Contrairement au modèle de Brennan et Franks (1997), qui considère la sous évaluation comme moyen pour contrôler l’attribution des titres et éviter le contrôle de l’entreprise par des investisseurs externes, le modèle de Stoughton et Zechner (1998) utilise la sous évaluation comme incitation permettant de renforcer la surveillance de l’entreprise par de nouveaux actionnaires. Selon ces auteurs, un meilleur contrôle évite le gaspillage des ressources et assure la meilleure cotation à l’entreprise.

1.2.3.3 Hypothèse comportementale

A la fin des années 1990, les sous évaluations initiales ont fortement augmenté sur la plupart des marchés financiers. Plusieurs chercheurs se sont interrogés sur la portée du pouvoir informationnel des explications avancées dans la littérature. Selon ces derniers, les asymétries d’informations, les contextes institutionnels et la volonté de contrôler les entreprises ne sont pas des explications suffisamment fortes pour prédire les niveaux élevés des sous évaluations. Ils avancent des hypothèses comportementales et attribuent ces niveaux de sous évaluations à l’irrationalité de certains investisseurs27. Welch (1992) montrent qu’une info-cascade28 peut se produire dans un contexte d’introduction en bourse si les parties prenantes dans l’opération prennent leur décision d’investissement d’une façon séquentielle. En se basant sur la demande formulée par d’autres investisseurs, elles peuvent changer leur décision d’investissement tout en ignorant l’information privée qu’elles possèdent. Les initiateurs de la cascade peuvent demander davantage de sous évaluation lors de l’ouverture du capital.
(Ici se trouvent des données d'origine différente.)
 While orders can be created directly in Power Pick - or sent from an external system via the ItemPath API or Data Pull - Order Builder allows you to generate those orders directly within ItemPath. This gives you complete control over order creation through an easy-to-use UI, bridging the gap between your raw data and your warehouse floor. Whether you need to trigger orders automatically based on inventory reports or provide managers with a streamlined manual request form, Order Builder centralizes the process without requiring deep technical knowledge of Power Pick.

27 Ce courant de littérature est encore naissant. Pour une revue de la littérature voir Baker, Ruback et

Wurgler (2006) dans « the handbook of finance : Empirical Corporate Finance » B. Espen Eckbo. Editions.
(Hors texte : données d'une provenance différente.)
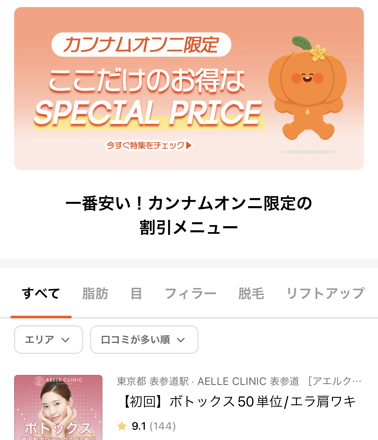 特別価格で施術が受けられる

28 Rappelons qu’une info-cascade survient lorsque des décideurs en série commencent, en toute rationalité,

à se copier sans égard à leur propre information, donc en retenant celle-ci hors du marché. Leur mimétisme, devenu info-cascade, propulse souvent le marché vers une surévaluation des titres.
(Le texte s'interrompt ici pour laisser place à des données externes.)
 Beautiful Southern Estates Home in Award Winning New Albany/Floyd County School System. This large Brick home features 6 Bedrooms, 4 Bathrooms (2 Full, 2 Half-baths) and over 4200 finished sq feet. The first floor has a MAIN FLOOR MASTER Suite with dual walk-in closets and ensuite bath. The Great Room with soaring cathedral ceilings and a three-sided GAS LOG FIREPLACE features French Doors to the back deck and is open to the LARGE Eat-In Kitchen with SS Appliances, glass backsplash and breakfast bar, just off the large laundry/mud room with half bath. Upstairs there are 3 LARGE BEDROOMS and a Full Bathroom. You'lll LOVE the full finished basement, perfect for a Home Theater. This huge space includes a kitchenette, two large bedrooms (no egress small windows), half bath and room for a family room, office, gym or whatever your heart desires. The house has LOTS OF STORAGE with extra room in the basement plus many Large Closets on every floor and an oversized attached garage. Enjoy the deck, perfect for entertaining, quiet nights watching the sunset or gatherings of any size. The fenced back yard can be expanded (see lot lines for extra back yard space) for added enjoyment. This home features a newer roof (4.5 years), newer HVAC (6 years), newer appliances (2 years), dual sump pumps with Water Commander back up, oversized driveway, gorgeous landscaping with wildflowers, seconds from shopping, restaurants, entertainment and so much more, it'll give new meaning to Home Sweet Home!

Ljungqvist, Nanda et Singh (2004) étudient l’impact du « sentiment des investisseurs » sur le comportement des titres introduits en bourse. Ces auteurs constatent que les investisseurs ont été fortement optimistes dans leur prédiction des opportunités de croissance futures des récentes introductions en bourse. Ils prédisent dans leur modèle que les entreprises qui s’introduisent en bourse dans des périodes de fortes activités présentent des sous performances à long terme par rapport au premier cours côté et par rapport au prix d’offre. Cook et al. (2003) valident leur modèle sur le marché américain, Dorn (2002) le valide sur le marché allemand. Les auteurs montrent que les entreprises introduites en bourse pendant des périodes de fortes activités s’échangent à des cours plus élevées que d’autres entreprises introduites à d’autres périodes.